神龛的墙壁上贴了几张老照片,就是遗照,他母亲坐在登子上,吃着稀饭。
老婆在上班,儿子上学,就他和老母亲在家。
确定好后,我和刘叔就去买被子,还有生活用品。
就这样,住进了他家。
在楼下时,我就感觉神龛处,有点冷,心想,他家住在这村尾,四周还有树,可能有些东西容易蹿进来。
回到楼上,我就从兜里摸出四个硬币,阳面朝上,放在床铺的砖头下,以防不测。
刘叔就说,应该没事,他的父亲,也就是刘爷爷,也是一个先生,而且是有师传的,不像我家,也不知道是从那学来的,问爷爷时,爷爷就说,是太爷爷传给他的,他也不知道。
虽然刘叔没有学会他父亲的法门,但一些常理他还是知道的。
我说楼下阴气太重,老太太坐在轮椅上,手脚不便,墙上还有好几张遗照,小心点是好的。
我们就住进了他家里,第二天,就去厂里报道上班,分了人,把我和刘叔给分开了,我上夜班,他上白班。
一个星期后,也渐渐适应起来,厂里供饭,自己带米,拿个饭盒去蒸米,菜是厂里的。
又过了好几天,我们带来的钱再怎么省吃俭用也要用完了。
这次我转班了,我上白班,刘叔上夜班。
这天,我去上班了,刘叔下班回来,天气也开始热了气了,太阳很大。
他也没钱了,恰好看到我压在砖头下的硬币,一块钱的,有四块钱,他全部拿了出来,去小店买了一瓶啤酒,还剩一块钱,刘叔给我买了一根棒棒糖。
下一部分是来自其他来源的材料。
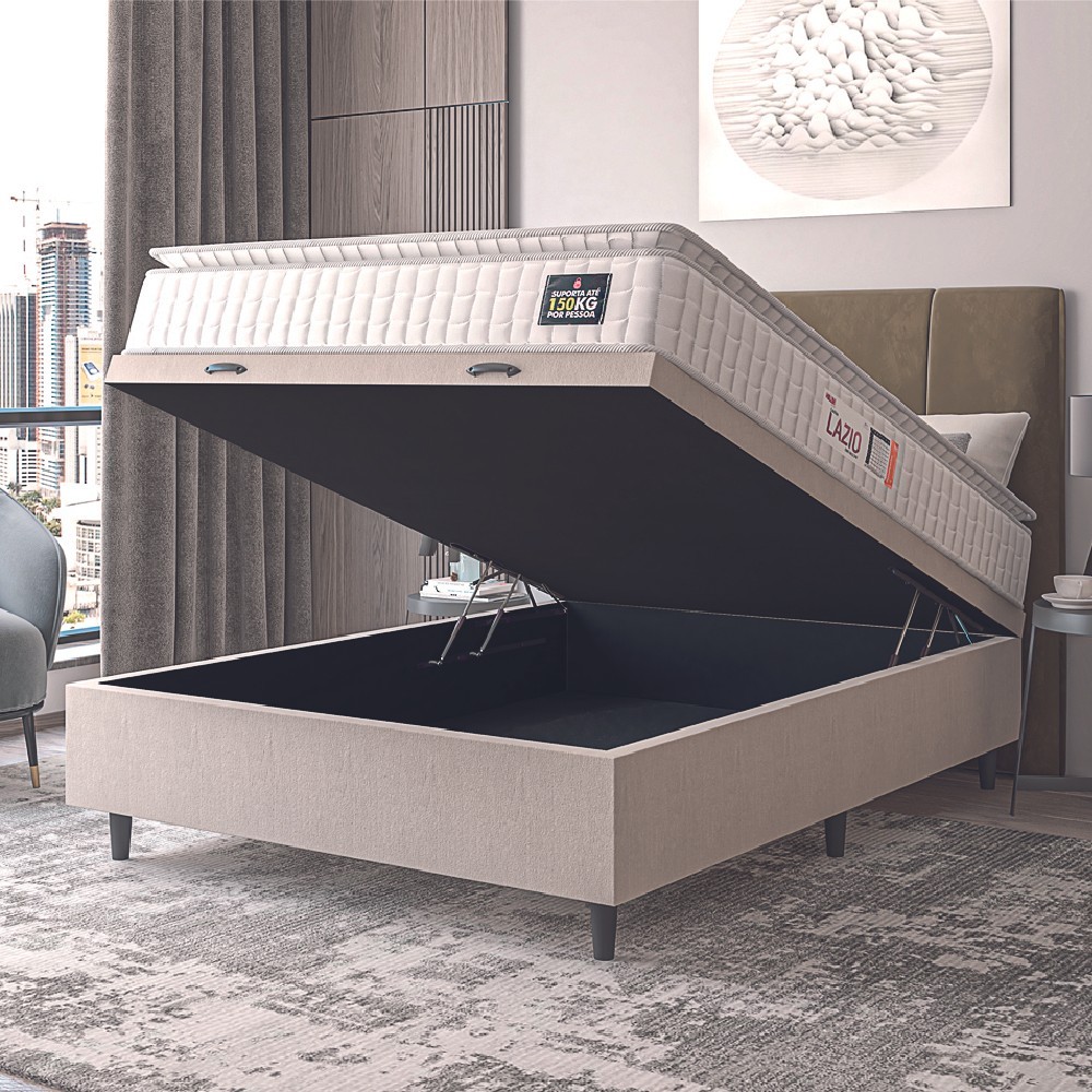 Cama Box Baú Colchão Casal Espuma D45 Lazio Pillow Top 138x188x70cm Branco / Bege Hellen

回去后,喝了酒,洗漱一番,就睡觉去了,晚上还要上班。
可没想到,就是刘叔拿走了钱,就出了事。
我上了一天班,块要下班了,我没看到他人来接班。
厂里的管事就让我给他打电话,我打了,没人接,
我对管理道,可能是他睡着了,今晚就算他请假吧。
管理,点点头,对我说,你回去看看,叫他按时上班。
我点点头,出了厂门,我就往回走。
房东一家不在,就只有老太太坐在一楼。她说话我听不懂,基本没有交流。
我上楼去,刚到楼梯口,我就感觉不对,今天太阳这么大,这里怎么会冷,应该是闷热才对。
我又走进几步,感觉更冷,我暗道不好,这是有鬼来了。
我身上什么都没有,手里就一个饭盒,还有一双筷子。
我也不管了,用钥匙快速开门,然后打开了房门。
我就朝里面看去。
不看不要紧,这一看,把我吓得一个哆嗦。
差点就尿了,我不是没见过鬼,我还亲手帮了两个鬼,就连出车祸死的那个我都没有现在这样害怕。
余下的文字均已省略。